I hope this is short and efficient enough for you:
getindex.(v, [1 2])
and if you want something simpler to digest:
[v[i][j] for i in 1:length(v), j in 1:2]
Also the hcat solution could be written as:
permutedims(reshape(reduce(hcat, v), (length(v[1]), length(v))));
and it should not hang your Julia (please confirm - it works for me).
#Antonello: to understand why this works consider a simpler example:
julia> string.(["a", "b", "c"], [1 2])
3×2 Matrix{String}:
"a1" "a2"
"b1" "b2"
"c1" "c2"
I am broadcasting a column Vector ["a", "b", "c"] and a 1-row Matrix [1 2]. The point is that [1 2] is a Matrix. Thus it makes broadcasting to expand both rows (forced by the vector) and columns (forced by a Matrix). For such expansion to happen it is crucial that the [1 2] matrix has exactly one row. Is this clearer now?

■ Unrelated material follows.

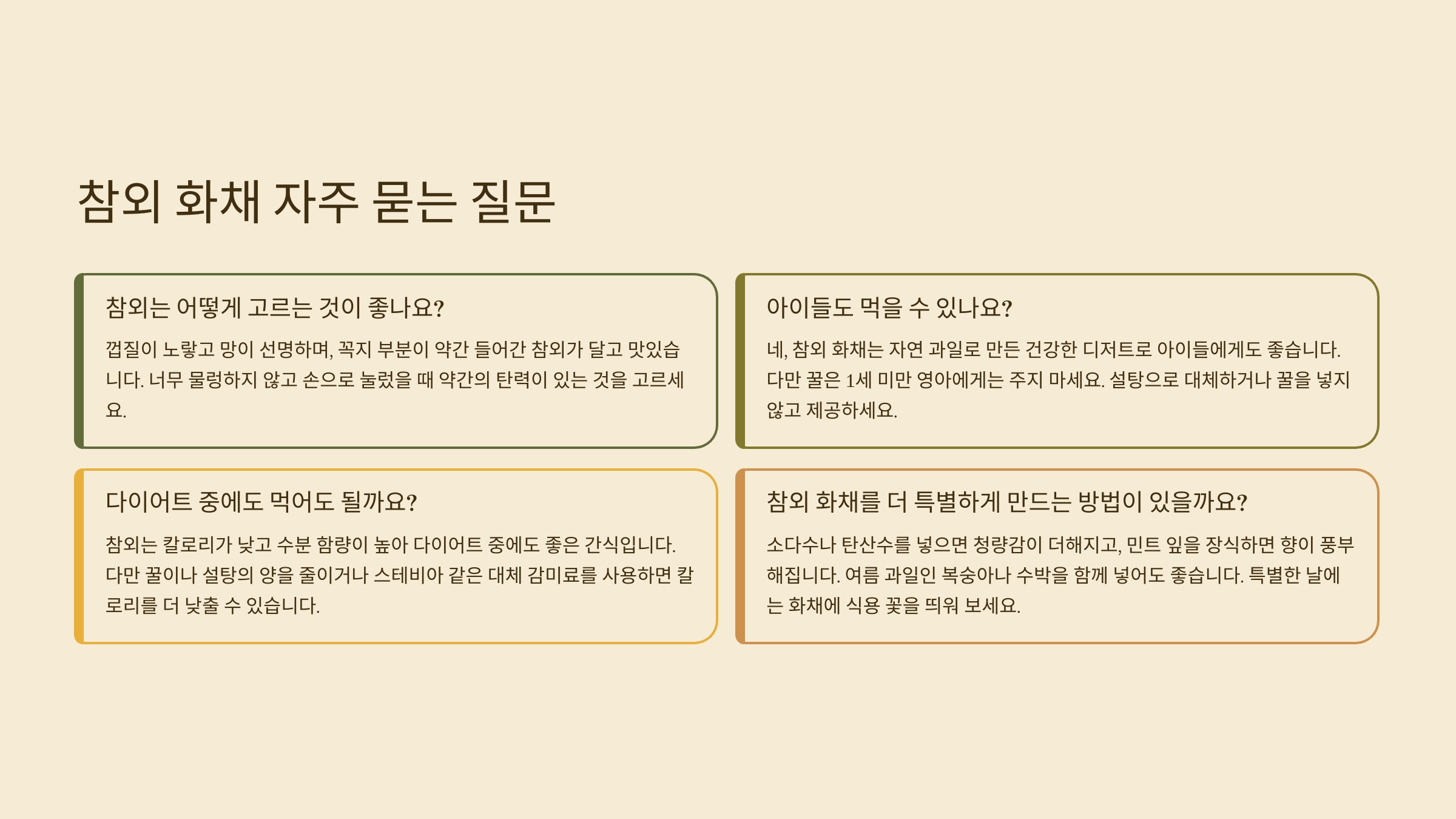 마지막으로 참외 화채에 관한 자주 묻는 질문들을 모아봤어요. 궁금증 해결에 도움 되길 바랍니다!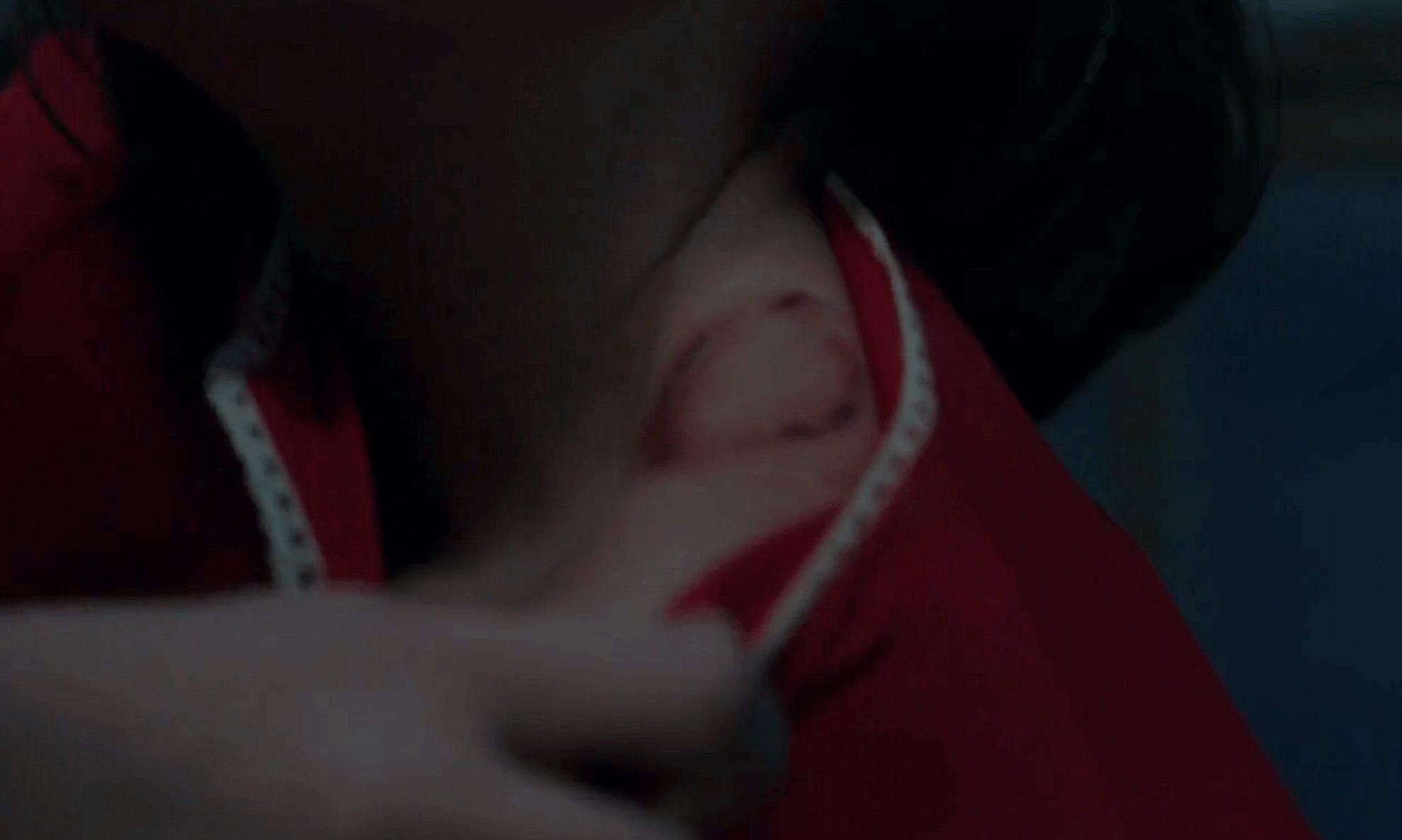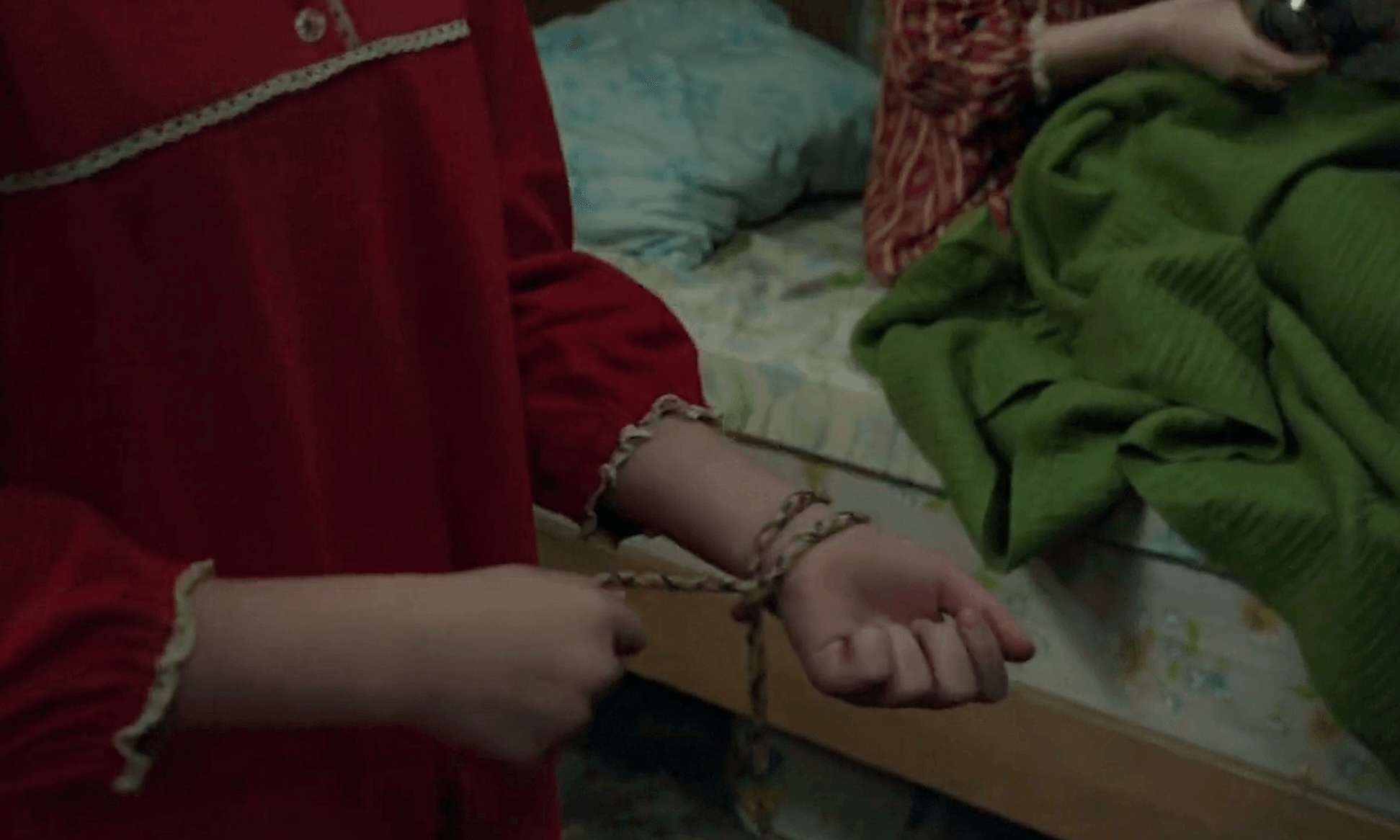 # 악령에 끌려갈까 두려워 잠들기 전 자신의 손을 침대와 연결하는 자넷 호지슨(매디슨 울프)

Your own example is pretty close to a good solution, but does some unnecessary work, by creating two distinct vectors, and repeatedly using push!. This solution is similar, but simpler. It is not as terse as the broadcasted getindex by #BogumilKaminski, but is faster:
function mat(v)
M = Matrix{eltype(eltype(v))}(undef, length(v), 2)
for i in eachindex(v)
M[i, 1] = v[i][1]
M[i, 2] = v[i][2]
end
return M
end
You can simplify it a bit further, without losing performance, like this:
function mat_simpler(v)
M = Matrix{eltype(eltype(v))}(undef, length(v), 2)
for (i, x) in pairs(v)
M[i, 1], M[i, 2] = x
end
return M
end
A benchmark of the various solutions posted so far...
using BenchmarkTools
# Creating the vector
v = [[i, i+0.1] for i in 0.1:0.2:2000]
M1 = #btime vcat([[e[1] e[2]] for e in $v]...)
M2 = #btime getindex.($v, [1 2])
M3 = #btime [v[i][j] for i in 1:length($v), j in 1:2]
M4 = #btime permutedims(reshape(reduce(hcat, $v), (length($v[1]), length($v))))
M5 = #btime permutedims(reshape(hcat($v...), (length($v[1]), length($v))))
function original(v)
x = Vector{Float64}()
y = Vector{Float64}()
for i = 1:length(v)
push!(x, v[i][1])
push!(y, v[i][2])
end
return hcat(x,y)
end
function mat(v)
M = Matrix{eltype(eltype(v))}(undef, length(v), 2)
for i in eachindex(v)
M[i, 1] = v[i][1]
M[i, 2] = v[i][2]
end
return M
end
function mat_simpler(v)
M = Matrix{eltype(eltype(v))}(undef, length(v), 2)
for (i, x) in pairs(v)
M[i, 1], M[i, 2] = x
end
return M
end
M6 = #btime original($v)
M7 = #btime mat($v)
M8 = #btime mat($v)
M1 == M2 == M3 == M4 == M5 == M6 == M7 == M8 # true
Output:
1.126 ms (10010 allocations: 1.53 MiB) # M1
54.161 μs (3 allocations: 156.42 KiB) # M2
809.000 μs (38983 allocations: 765.50 KiB) # M3
98.935 μs (4 allocations: 312.66 KiB) # M4
244.696 μs (10 allocations: 469.23 KiB) # M5
219.907 μs (30 allocations: 669.61 KiB) # M6
34.311 μs (2 allocations: 156.33 KiB) # M7
34.395 μs (2 allocations: 156.33 KiB) # M8
Note that the dollar sign in the benchmarked code is just to force #btime to consider the vector as a local variable.